CN103049454A

CN103049454A - Chinese and English search result visualization system based on multi-label classification

Info

Publication number: CN103049454A
Application number: CN2011103126629A
Authority: CN
Inventors: 卫志华; 苗夺谦
Original assignee: Tongji University
Current assignee: Tongji University
Priority date: 2011-10-16
Filing date: 2011-10-16
Publication date: 2013-04-17
Anticipated expiration: 2031-10-16
Also published as: CN103049454B

Abstract

The invention relates to a Chinese and English search result visualization system based on multi-label classification. The Chinese and English search result visualization system comprises a display module, a search module, a classification module and a visualization module, wherein the display module is used for displaying a user interface and search results; the search module is used for calling a search engine API to perform searching and to obtain the search results according to inquire statements of users, and respectively integrating the Chinese and English search results; the classification module is used for performing Chinese and English multi-label classification on the results obtained through the search module and performing integration on the classification results; and the visualization module is used for achieving Web user interface design on the integrated classification results and outputting through the display module. Compared with the prior art, the Chinese and English search result visualization system can perform effective multi-label classification and integration on the search results by means of granular computing theory in a multi-label classification method based on the Bayesian theory, can display the search results by category according to user requirements by designing the visual system through the method, simultaneously cannot lose the search results, improves user browse efficiency and improves user browse experience.

Description

A kind of Chinese and English Search Results visualization system based on many labelings

Technical field

The present invention relates to areas of information technology, especially relate to a kind of Chinese and English Search Results visualization system based on many labelings.

Background technology

At present, online electronic document rapid growth has a large amount of documents to upload on the net every day.Search engine as a kind of important method of obtaining network knowledge, has obtained using more and more widely.Yet search engine often returns a large amount of Search Results, and this usually is submerged in the ocean of information the user.The search engine of current main-stream returns the Search Results according to the user key words ordering.In order to find interested information, the user needs one by one navigate search results.
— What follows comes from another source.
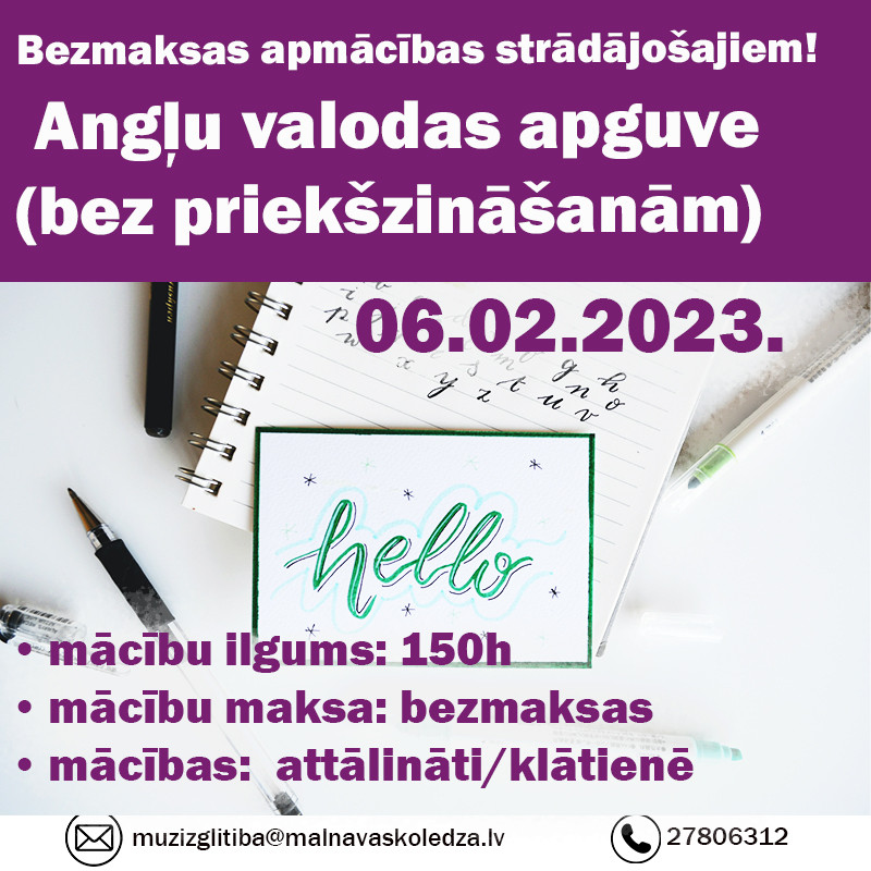 - Angļu valoda (bez priekšzināšanām, 150h)

For above problem, some begin to explore more advanced information retrieval method.As a rule, dual mode is arranged: a kind of information retrieval method that is based on semanteme, namely make every effort to adopt semantic analysis technology to understand document and user's query statement; Another kind is based on the method for machine learning, namely use from the historical data learning to model the document the Search Results is classified or cluster.The present invention pays close attention to the problem of improving the information retrieval result based on the method for machine learning.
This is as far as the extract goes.